First, I have to study the singularities of $f(z)=(4z^2+1)\tanh (\pi z) $, and calculate the residues. This part should be correct, I found that $f $ has simple poles in the points $\{z_n =\frac i 2+ni: n\in \mathbb Z,n\ne0,-1\}$, and removable singularities in $\frac i 2 $ and $-\frac i 2 $; the residue of the pole in a $z_n $ is equal to $\frac {4z_n^2+1} \pi$.
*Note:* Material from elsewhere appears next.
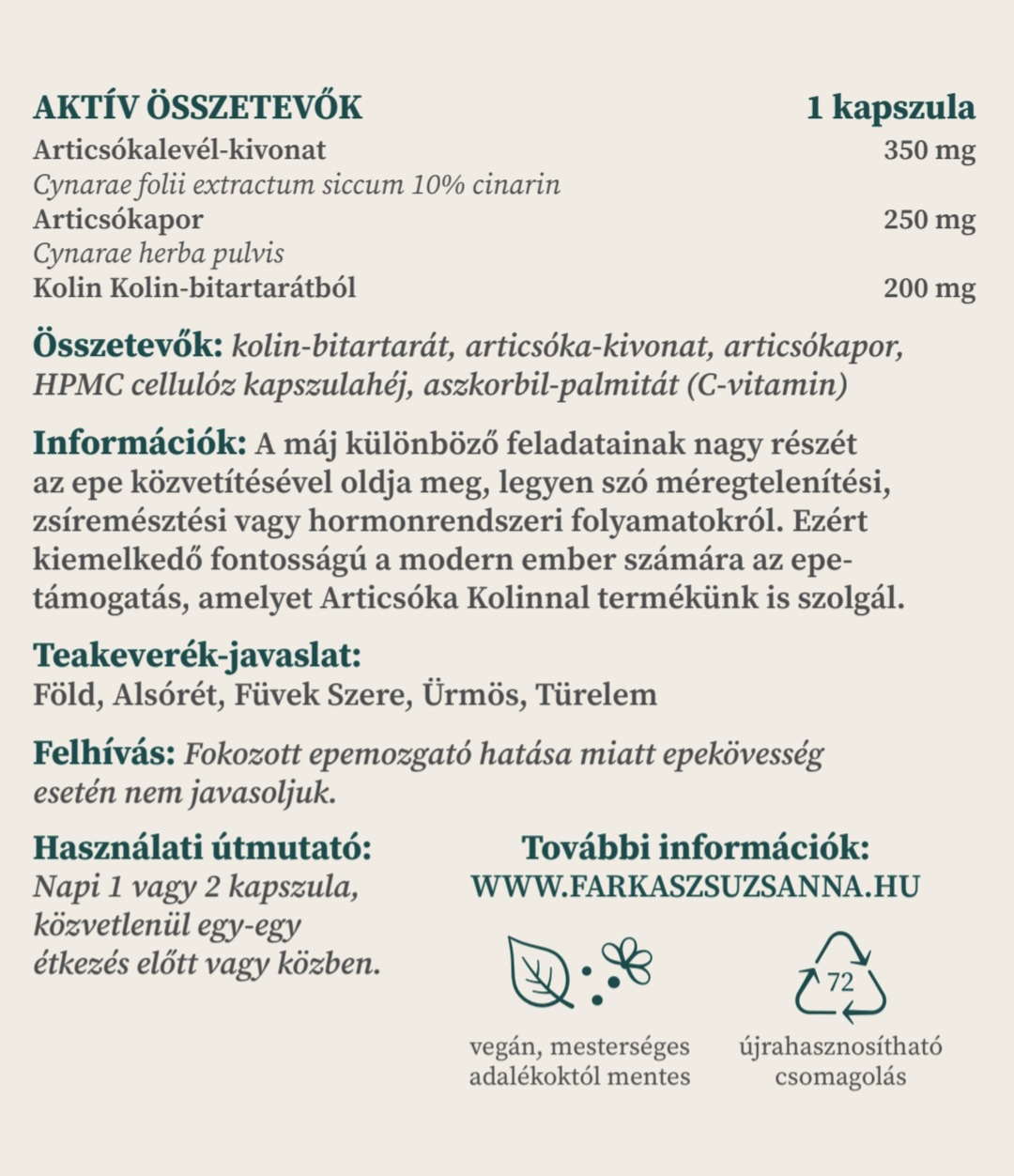 Ezért is választottam az articsókát és a kolint is az epetámogató készítményünkbe. Az articsóka cinarin-tartalmánál fogva elősegíti az epefolyadék termelődését, míg a kolin esszenciális tápanyagként elősegíti a koleszterin epébe történő kiválasztását, ami fontos a zsírok emésztéséhez és a méreganyagok eltávolításához.

I'm in trouble with the second part: calculate $\int_{C_R (0)} f (z)dz$, for $R $ sufficiently large. My only idea was to sum the residues, so I tried with $$2\sum_1^\infty \frac { \Bigl(\frac i 2+in\Bigl)^2+1} \pi$$ since $f $ is symmetrical on the imaginary axis. However this series doesn't converge, so I think I must be wrong with something. Thank you in advance
If as you say the residue at the pole $\;z_n=\cfrac{(2n+1) i}2\;$ is
$$\frac{4z_n^2+1}\pi=\frac1\pi\left(-(2n+1)^2+1\right)=\frac1\pi(-4n^2-4n)=-\frac{4n} \pi(n+1)$$
so for big $\;R\;$, we get a finite sum of residues
$$\frac4\pi\sum_{n=-k}^k(n^2+n)=\frac4\pi\left[2\sum_{n=1}^kn^2+0\right]=\frac8\pi\frac{k(k+1)(2k+1)}6=\frac4{3\pi}k(k+1)(2k+1)$$
Of course, you take out from the above the case for $\;n=-1\;$ and etc.